**Exercise instructions**
Starting with the first line, output the data exactly, through to the last line.
*** Recorded information Section Begins ***
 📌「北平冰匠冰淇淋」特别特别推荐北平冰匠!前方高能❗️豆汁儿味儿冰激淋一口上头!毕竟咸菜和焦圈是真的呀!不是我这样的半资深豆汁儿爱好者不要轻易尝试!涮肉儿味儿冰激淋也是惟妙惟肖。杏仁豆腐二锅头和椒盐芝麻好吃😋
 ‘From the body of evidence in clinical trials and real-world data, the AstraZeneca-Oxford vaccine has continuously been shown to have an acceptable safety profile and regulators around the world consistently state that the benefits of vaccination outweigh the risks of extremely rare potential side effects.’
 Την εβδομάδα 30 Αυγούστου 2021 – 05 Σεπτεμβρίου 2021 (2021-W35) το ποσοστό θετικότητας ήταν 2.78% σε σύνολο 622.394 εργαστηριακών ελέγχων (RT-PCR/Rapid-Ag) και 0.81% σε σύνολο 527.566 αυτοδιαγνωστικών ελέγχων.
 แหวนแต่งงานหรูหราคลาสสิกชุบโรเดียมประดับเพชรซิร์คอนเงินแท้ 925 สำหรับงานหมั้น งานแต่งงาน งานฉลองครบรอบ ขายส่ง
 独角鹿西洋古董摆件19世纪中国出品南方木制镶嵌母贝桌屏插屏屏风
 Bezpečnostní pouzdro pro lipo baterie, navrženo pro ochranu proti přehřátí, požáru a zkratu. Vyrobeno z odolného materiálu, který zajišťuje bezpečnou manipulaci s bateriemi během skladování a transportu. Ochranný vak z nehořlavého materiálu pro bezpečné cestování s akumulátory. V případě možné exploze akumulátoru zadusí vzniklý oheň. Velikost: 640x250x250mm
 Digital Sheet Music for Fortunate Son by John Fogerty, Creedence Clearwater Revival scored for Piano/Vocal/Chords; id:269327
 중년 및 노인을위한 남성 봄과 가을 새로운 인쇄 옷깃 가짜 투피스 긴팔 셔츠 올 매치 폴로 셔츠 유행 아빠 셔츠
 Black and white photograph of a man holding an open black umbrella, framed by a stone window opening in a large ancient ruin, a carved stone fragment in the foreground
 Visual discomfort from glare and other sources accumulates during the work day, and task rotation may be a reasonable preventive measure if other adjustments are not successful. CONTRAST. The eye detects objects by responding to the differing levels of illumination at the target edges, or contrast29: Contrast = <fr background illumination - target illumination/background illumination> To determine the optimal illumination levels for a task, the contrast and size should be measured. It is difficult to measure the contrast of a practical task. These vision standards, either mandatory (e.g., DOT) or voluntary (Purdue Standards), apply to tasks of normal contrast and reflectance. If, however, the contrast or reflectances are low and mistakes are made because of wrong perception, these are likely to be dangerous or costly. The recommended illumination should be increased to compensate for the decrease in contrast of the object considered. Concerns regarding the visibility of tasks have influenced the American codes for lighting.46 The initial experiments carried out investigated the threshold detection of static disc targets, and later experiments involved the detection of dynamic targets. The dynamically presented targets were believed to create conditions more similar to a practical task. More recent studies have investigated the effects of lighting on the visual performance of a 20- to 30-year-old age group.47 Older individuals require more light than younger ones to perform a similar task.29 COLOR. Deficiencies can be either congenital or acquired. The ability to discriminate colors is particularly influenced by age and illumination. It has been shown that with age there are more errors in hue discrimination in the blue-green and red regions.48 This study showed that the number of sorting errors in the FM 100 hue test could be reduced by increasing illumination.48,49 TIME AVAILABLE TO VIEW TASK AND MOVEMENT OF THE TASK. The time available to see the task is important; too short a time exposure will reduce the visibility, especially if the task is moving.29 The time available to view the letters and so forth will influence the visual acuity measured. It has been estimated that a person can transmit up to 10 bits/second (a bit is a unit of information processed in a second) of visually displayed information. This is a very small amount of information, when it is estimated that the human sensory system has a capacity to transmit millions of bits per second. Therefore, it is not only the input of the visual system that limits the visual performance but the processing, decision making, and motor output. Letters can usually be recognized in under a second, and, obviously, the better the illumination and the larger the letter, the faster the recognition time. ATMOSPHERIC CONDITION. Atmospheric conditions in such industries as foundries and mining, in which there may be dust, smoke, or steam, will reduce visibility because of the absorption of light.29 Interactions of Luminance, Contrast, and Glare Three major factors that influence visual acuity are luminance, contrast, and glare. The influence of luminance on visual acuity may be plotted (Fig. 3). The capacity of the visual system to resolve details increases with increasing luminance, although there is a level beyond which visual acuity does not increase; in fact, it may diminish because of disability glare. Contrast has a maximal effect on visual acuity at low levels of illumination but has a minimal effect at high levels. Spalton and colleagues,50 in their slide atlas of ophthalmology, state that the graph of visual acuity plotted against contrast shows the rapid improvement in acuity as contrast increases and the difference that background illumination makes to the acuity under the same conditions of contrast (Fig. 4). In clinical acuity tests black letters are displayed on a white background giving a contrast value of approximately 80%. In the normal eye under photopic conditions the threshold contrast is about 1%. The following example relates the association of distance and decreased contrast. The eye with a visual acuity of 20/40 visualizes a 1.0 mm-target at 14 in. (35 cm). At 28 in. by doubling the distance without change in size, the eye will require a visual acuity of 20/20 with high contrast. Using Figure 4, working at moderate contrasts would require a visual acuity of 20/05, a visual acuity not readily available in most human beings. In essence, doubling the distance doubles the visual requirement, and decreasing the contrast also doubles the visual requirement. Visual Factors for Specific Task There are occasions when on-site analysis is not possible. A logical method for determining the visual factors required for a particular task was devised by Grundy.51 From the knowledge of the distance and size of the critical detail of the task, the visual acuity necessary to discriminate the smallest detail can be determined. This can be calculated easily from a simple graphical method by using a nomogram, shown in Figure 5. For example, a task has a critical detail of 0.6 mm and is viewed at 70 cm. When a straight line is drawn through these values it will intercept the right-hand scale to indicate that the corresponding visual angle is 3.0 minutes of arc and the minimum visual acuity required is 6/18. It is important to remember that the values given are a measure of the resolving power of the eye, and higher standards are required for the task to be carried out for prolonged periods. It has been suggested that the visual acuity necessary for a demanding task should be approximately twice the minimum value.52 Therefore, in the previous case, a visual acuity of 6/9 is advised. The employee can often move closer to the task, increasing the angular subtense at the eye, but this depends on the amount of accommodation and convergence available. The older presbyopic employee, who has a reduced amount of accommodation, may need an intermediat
*** Recorded information Section Ends ***
**Result of this task**
 📌「北平冰匠冰淇淋」特别特别推荐北平冰匠!前方高能❗️豆汁儿味儿冰激淋一口上头!毕竟咸菜和焦圈是真的呀!不是我这样的半资深豆汁儿爱好者不要轻易尝试!涮肉儿味儿冰激淋也是惟妙惟肖。杏仁豆腐二锅头和椒盐芝麻好吃😋
 ‘From the body of evidence in clinical trials and real-world data, the AstraZeneca-Oxford vaccine has continuously been shown to have an acceptable safety profile and regulators around the world consistently state that the benefits of vaccination outweigh the risks of extremely rare potential side effects.’
 Την εβδομάδα 30 Αυγούστου 2021 – 05 Σεπτεμβρίου 2021 (2021-W35) το ποσοστό θετικότητας ήταν 2.78% σε σύνολο 622.394 εργαστηριακών ελέγχων (RT-PCR/Rapid-Ag) και 0.81% σε σύνολο 527.566 αυτοδιαγνωστικών ελέγχων.
 แหวนแต่งงานหรูหราคลาสสิกชุบโรเดียมประดับเพชรซิร์คอนเงินแท้ 925 สำหรับงานหมั้น งานแต่งงาน งานฉลองครบรอบ ขายส่ง
 独角鹿西洋古董摆件19世纪中国出品南方木制镶嵌母贝桌屏插屏屏风
 Bezpečnostní pouzdro pro lipo baterie, navrženo pro ochranu proti přehřátí, požáru a zkratu. Vyrobeno z odolného materiálu, který zajišťuje bezpečnou manipulaci s bateriemi během skladování a transportu. Ochranný vak z nehořlavého materiálu pro bezpečné cestování s akumulátory. V případě možné exploze akumulátoru zadusí vzniklý oheň. Velikost: 640x250x250mm
 Digital Sheet Music for Fortunate Son by John Fogerty, Creedence Clearwater Revival scored for Piano/Vocal/Chords; id:269327
 중년 및 노인을위한 남성 봄과 가을 새로운 인쇄 옷깃 가짜 투피스 긴팔 셔츠 올 매치 폴로 셔츠 유행 아빠 셔츠
 Black and white photograph of a man holding an open black umbrella, framed by a stone window opening in a large ancient ruin, a carved stone fragment in the foreground
 Visual discomfort from glare and other sources accumulates during the work day, and task rotation may be a reasonable preventive measure if other adjustments are not successful. CONTRAST. The eye detects objects by responding to the differing levels of illumination at the target edges, or contrast29: Contrast = <fr background illumination - target illumination/background illumination> To determine the optimal illumination levels for a task, the contrast and size should be measured. It is difficult to measure the contrast of a practical task. These vision standards, either mandatory (e.g., DOT) or voluntary (Purdue Standards), apply to tasks of normal contrast and reflectance. If, however, the contrast or reflectances are low and mistakes are made because of wrong perception, these are likely to be dangerous or costly. The recommended illumination should be increased to compensate for the decrease in contrast of the object considered. Concerns regarding the visibility of tasks have influenced the American codes for lighting.46 The initial experiments carried out investigated the threshold detection of static disc targets, and later experiments involved the detection of dynamic targets. The dynamically presented targets were believed to create conditions more similar to a practical task. More recent studies have investigated the effects of lighting on the visual performance of a 20- to 30-year-old age group.47 Older individuals require more light than younger ones to perform a similar task.29 COLOR. Deficiencies can be either congenital or acquired. The ability to discriminate colors is particularly influenced by age and illumination. It has been shown that with age there are more errors in hue discrimination in the blue-green and red regions.48 This study showed that the number of sorting errors in the FM 100 hue test could be reduced by increasing illumination.48,49 TIME AVAILABLE TO VIEW TASK AND MOVEMENT OF THE TASK. The time available to see the task is important; too short a time exposure will reduce the visibility, especially if the task is moving.29 The time available to view the letters and so forth will influence the visual acuity measured. It has been estimated that a person can transmit up to 10 bits/second (a bit is a unit of information processed in a second) of visually displayed information. This is a very small amount of information, when it is estimated that the human sensory system has a capacity to transmit millions of bits per second. Therefore, it is not only the input of the visual system that limits the visual performance but the processing, decision making, and motor output. Letters can usually be recognized in under a second, and, obviously, the better the illumination and the larger the letter, the faster the recognition time. ATMOSPHERIC CONDITION. Atmospheric conditions in such industries as foundries and mining, in which there may be dust, smoke, or steam, will reduce visibility because of the absorption of light.29 Interactions of Luminance, Contrast, and Glare Three major factors that influence visual acuity are luminance, contrast, and glare. The influence of luminance on visual acuity may be plotted (Fig. 3). The capacity of the visual system to resolve details increases with increasing luminance, although there is a level beyond which visual acuity does not increase; in fact, it may diminish because of disability glare. Contrast has a maximal effect on visual acuity at low levels of illumination but has a minimal effect at high levels. Spalton and colleagues,50 in their slide atlas of ophthalmology, state that the graph of visual acuity plotted against contrast shows the rapid improvement in acuity as contrast increases and the difference that background illumination makes to the acuity under the same conditions of contrast (Fig. 4). In clinical acuity tests black letters are displayed on a white background giving a contrast value of approximately 80%. In the normal eye under photopic conditions the threshold contrast is about 1%. The following example relates the association of distance and decreased contrast. The eye with a visual acuity of 20/40 visualizes a 1.0 mm-target at 14 in. (35 cm). At 28 in. by doubling the distance without change in size, the eye will require a visual acuity of 20/20 with high contrast. Using Figure 4, working at moderate contrasts would require a visual acuity of 20/05, a visual acuity not readily available in most human beings. In essence, doubling the distance doubles the visual requirement, and decreasing the contrast also doubles the visual requirement. Visual Factors for Specific Task There are occasions when on-site analysis is not possible. A logical method for determining the visual factors required for a particular task was devised by Grundy.51 From the knowledge of the distance and size of the critical detail of the task, the visual acuity necessary to discriminate the smallest detail can be determined. This can be calculated easily from a simple graphical method by using a nomogram, shown in Figure 5. For example, a task has a critical detail of 0.6 mm and is viewed at 70 cm. When a straight line is drawn through these values it will intercept the right-hand scale to indicate that the corresponding visual angle is 3.0 minutes of arc and the minimum visual acuity required is 6/18. It is important to remember that the values given are a measure of the resolving power of the eye, and higher standards are required for the task to be carried out for prolonged periods. It has been suggested that the visual acuity necessary for a demanding task should be approximately twice the minimum value.52 Therefore, in the previous case, a visual acuity of 6/9 is advised. The employee can often move closer to the task, increasing the angular subtense at the eye, but this depends on the amount of accommodation and convergence available. The older presbyopic employee, who has a reduced amount of accommodation, may need an intermediat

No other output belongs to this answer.